Swisher makes no apologies for how close she got to the people she covered, attributing to being in the right place at the right time as her career grew in parallel to theirs. 

“I got lucky because I got there before they were all famous,” Swisher says about the tech executives she covered. “I was there when Google was in a garage. Nobody at the Wall Street Journal [where Swisher worked] was really paying attention to these people, except me.” 

The rest was down to reporting chops. “I also spent a lot of time cultivating relationships,” she says. “If you’re the first person Jeff Bezos deals with, you have better access.”

What also may ruffle some feathers is that Swisher admits, both in Burn Book and her many other media appearances, that she likes some of the executives she covers. LinkedIn cofounder Reid Hoffman, Snap CEO Evan Spiegel, and former AOL CEO Steve Case are just a few executives Swishers classifies as mensches. It is taboo for a journalist to say they “like” someone they cover, making Swisher’s admission a small act of courage, rather than a large one of obsequiousness. 

Even now, as she watches the founders she started covering from the garage turn over the reins of their company to a new generation of leaders, Swisher knows the nature of Silicon Valley means their perches atop the industry are far from secure. In fact, she hopes the advent of AI will usher in a new coterie of companies and leaders. 

“I hope there’s some company we haven’t ever met, who’s going to clean all their clocks,” Swisher says. “That’s my hope. I love when everybody’s clocks get cleaned by a new fresh startup with a new idea. That’s my favorite part of tech.”

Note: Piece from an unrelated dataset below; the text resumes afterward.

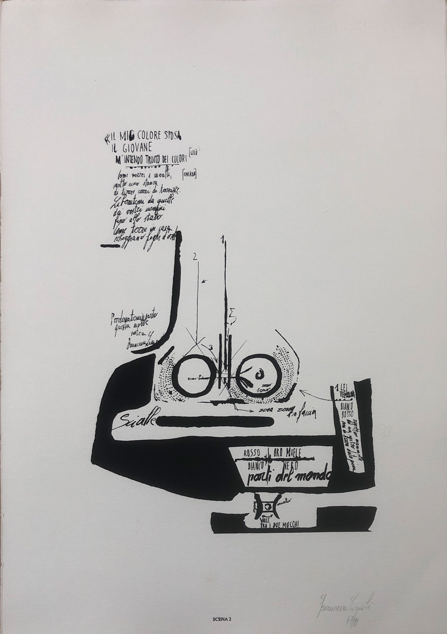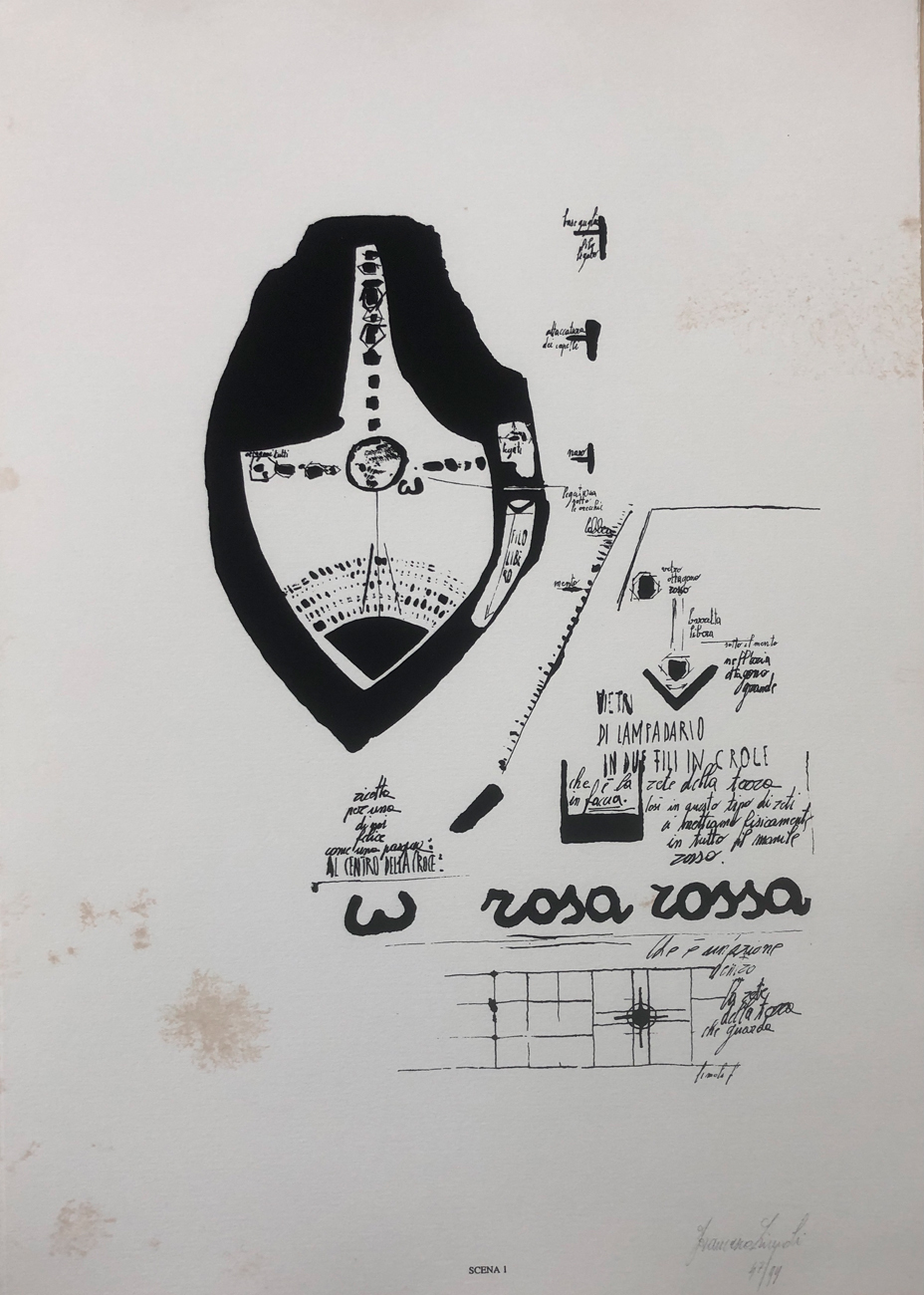 Edizione contenente testi dell’opera teatrale ‘La rosa d’oro’ suddivisa in 6 scene, 4 litografie di Francesca Limoli recanti firma e numerazione (Esemplari 47/99) a matita al fronte, una

But if spending time with her sources “in their natural habitat,” as she likes to call it, is unequivocally part of a journalist’s job, other parts of Swisher’s career mirror those of a tech luminary, but not necessarily reporter. Eventually her network of sources became so extensive, tech moguls would call her for advice. Throughout Burn Book she recounts regularly offering advice to various executives. Rupert Murdoch used to call her to try and glean inside information about the tech companies she covered. Swisher once advised Yahoo chief Jerry Yang to end the company’s partnership with nascent search engine company Google. 

Nonetheless, at a certain point Swisher started to sense that she “had become too much a creature of” Silicon Valley. In 2020, Swisher decamped for Washington D.C. for a change of scenery.  It didn’t hurt that doing so made it easier to “to forge relationships with government officials” that would determine the new spate of tech regulations that were gaining support among elected officials.

For all the quibbles about her style and level of access, there is one thing that is beyond reproach: the work. Swisher’s towering career and monumental achievements warrant scrutiny rather than inure her from it. In this she is also like the tech companies and their products. 

In Burn Book she offers the quintessential explanation of why the tech industry and its power players can have such far-reaching effects on the daily lives of the people who use their products. “Who makes products and what characteristics they have matters a great deal as to how products turn out— especially when those products become damaging,” Swisher writes.  

As right as Swisher is, perhaps it would be appropriate to apply the same consideration to her, the journalist whose reporting more than any other has shaped how the public views these tech products. The work is great. But how did it come to be? Has it had any unintended consequences? 

Nothing a dogged reporter couldn’t figure out.